El catalanismo histórico, en el afán de encontrar alternativas nacionalmente aceptables a la separación, se ha empeñado en modificar España. Estas alternativas ‘realistas’ a la independencia se han demostrado, de hecho, imposibles. Pero es que aparte de imposibles, quizás no eran adecuadas. La cultura política castellana es de una manera determinada y el Estado que desea Castilla responde a esta cultura. Realmente, los catalanes no tenemos derecho de obligarles a ser de otra manera. Sin embargo, sí tenemos derecho a no aceptar ser asimilados. Las clases dominantes del Estado han tenido tiempo de impulsar un cambio educativo que permitiera un acomodo plurinacional para Cataluña. Lícitamente, se negaron a hacerlo. Esto conduce a los catalanes a una elección: ¿desea que Cataluña sea un Estado independiente?

Bibliografía

-Almirall, Valentí 1979. Lo catalanismo, Barcelona: Ediciones 62/La Caja.

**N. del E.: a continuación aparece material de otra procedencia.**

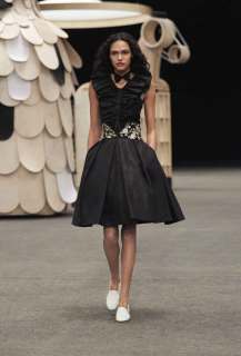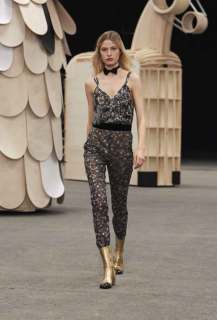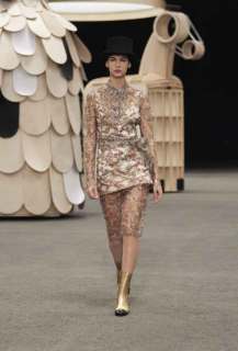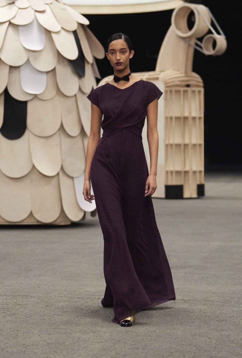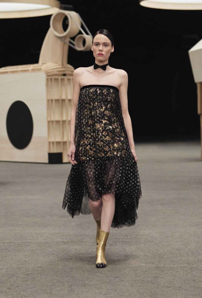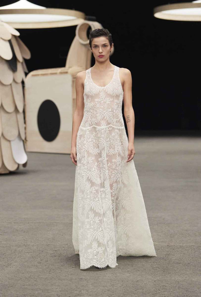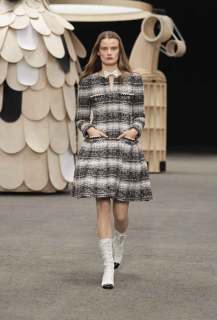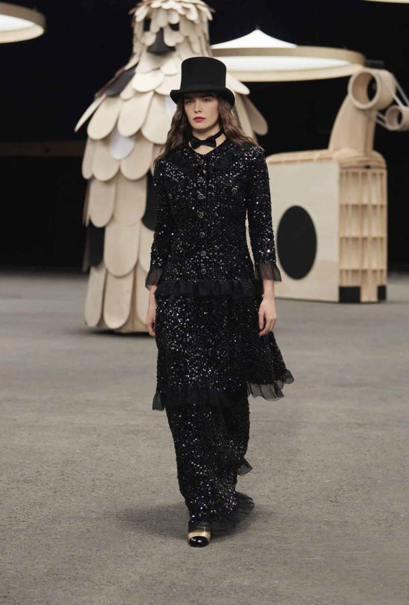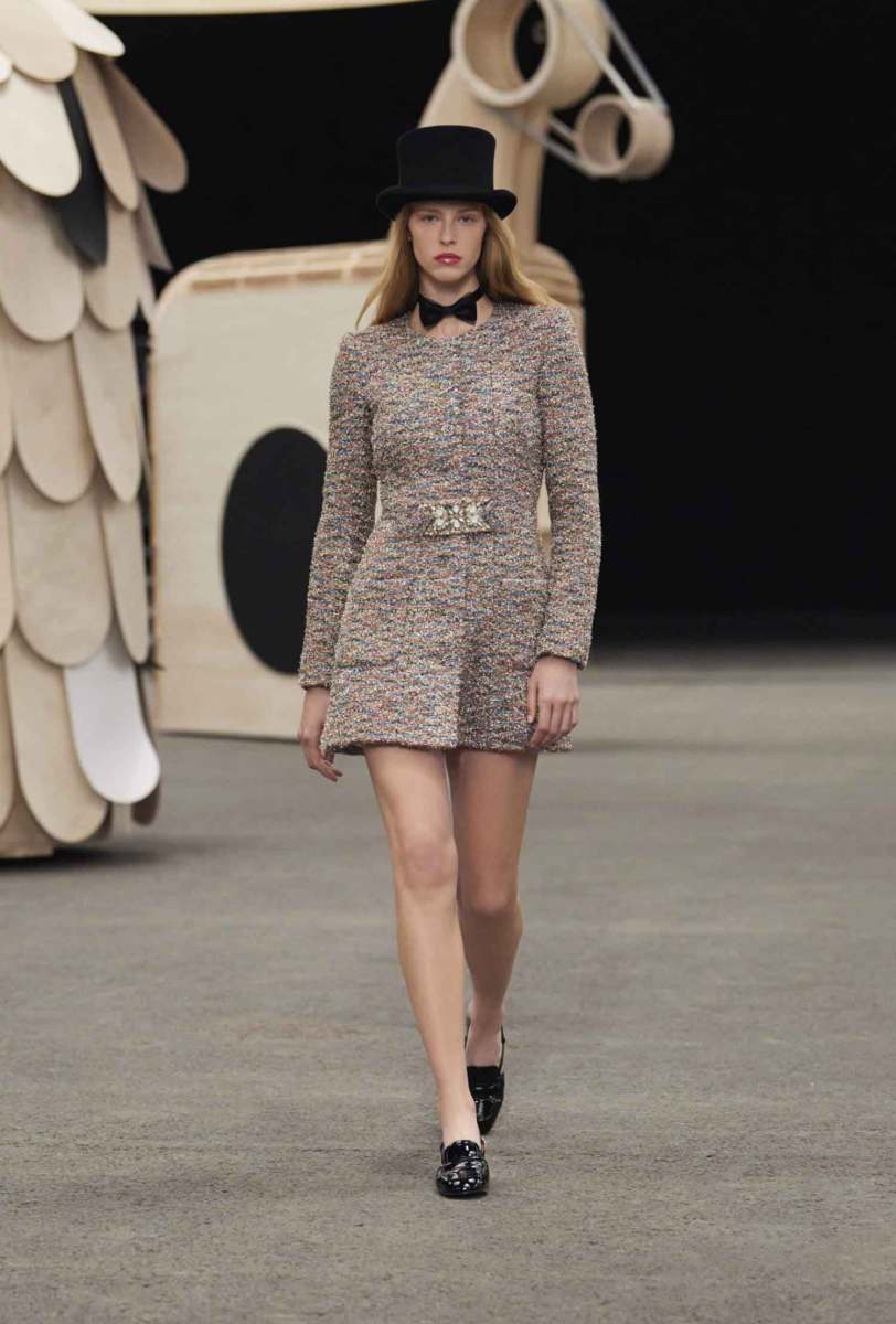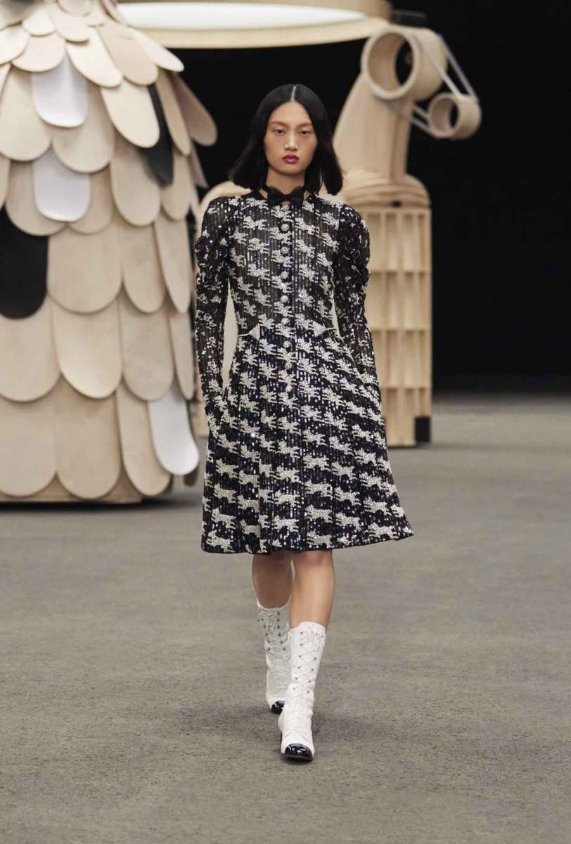 I completi proposti da Chanel per la sua nuova collezione Primavera/Estate 2023 riprendono le uniformi femminili utilizzate negli spettacoli e nelle parate. Cappelli, cravatte, guanti bianchi, stivali con lacci, mantelli di raso, gonne plissettate, cappotti a doppio petto, camicie smoking, inserti in paillettes e sottovesti. L’ispirazione di questa nuova linea Haute Couture arriva anche dalla poesia delle majorettes.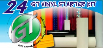 The 24" GT Vinyl Starter Kit for Vinyl Graphics is a money-saving package that includes a nice assortment of high quality vinyl and transfer tape. Seven 24" X 10yd rolls of our most popular vinyl; GT glossy Intermediate Vinyl. GT Intermediate Series Vinyl is rated for a minimum outdoor life of five years.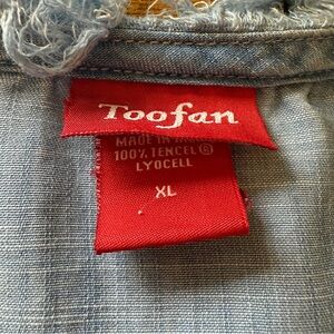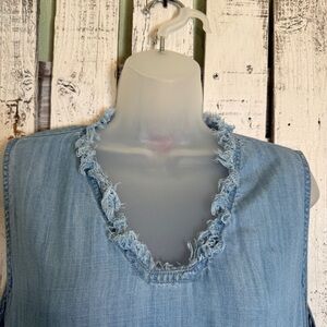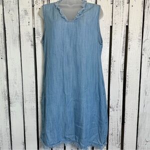 Toofan Chambray Dress Frayed Trim Pockets XL Blue Sleeveless Easy Wear Vintage Boho Classic Western Shift Cottage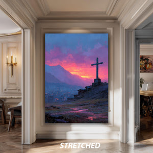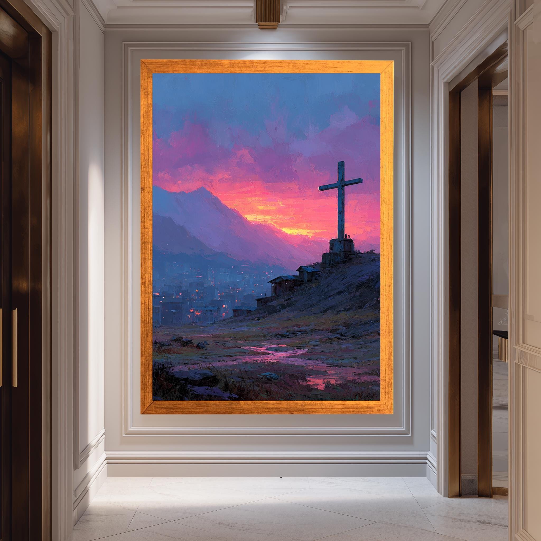 This Sunset Cross Landscape Digital Print is a stunning example of spiritual landscape art that brings inspiration and serenity to your living space. Featuring a vibrant mountain painting artwork with city lights, this digital canvas print combines abstract expressionism print techniques with faith inspired decor to create a unique Christian wall art piece. Designed for those seeking inspirational home decor, this contemporary canvas art transforms any room into a modern gallery wall art showcase.

-Isócrates 1982. ‘Aeropagiticus’ a Isócrates in Three Volumes, Harvard University Press.

-Madison, James 2012. The Federalist Papers ‘The Constitution of the United States of America and Selected Writings of the founding Fathers, New York: Barnes & Noble.

-Prat de la Riba, Enric 1978. La nacionalidad catalana, Barcelona: Ediciones 62/La Caja.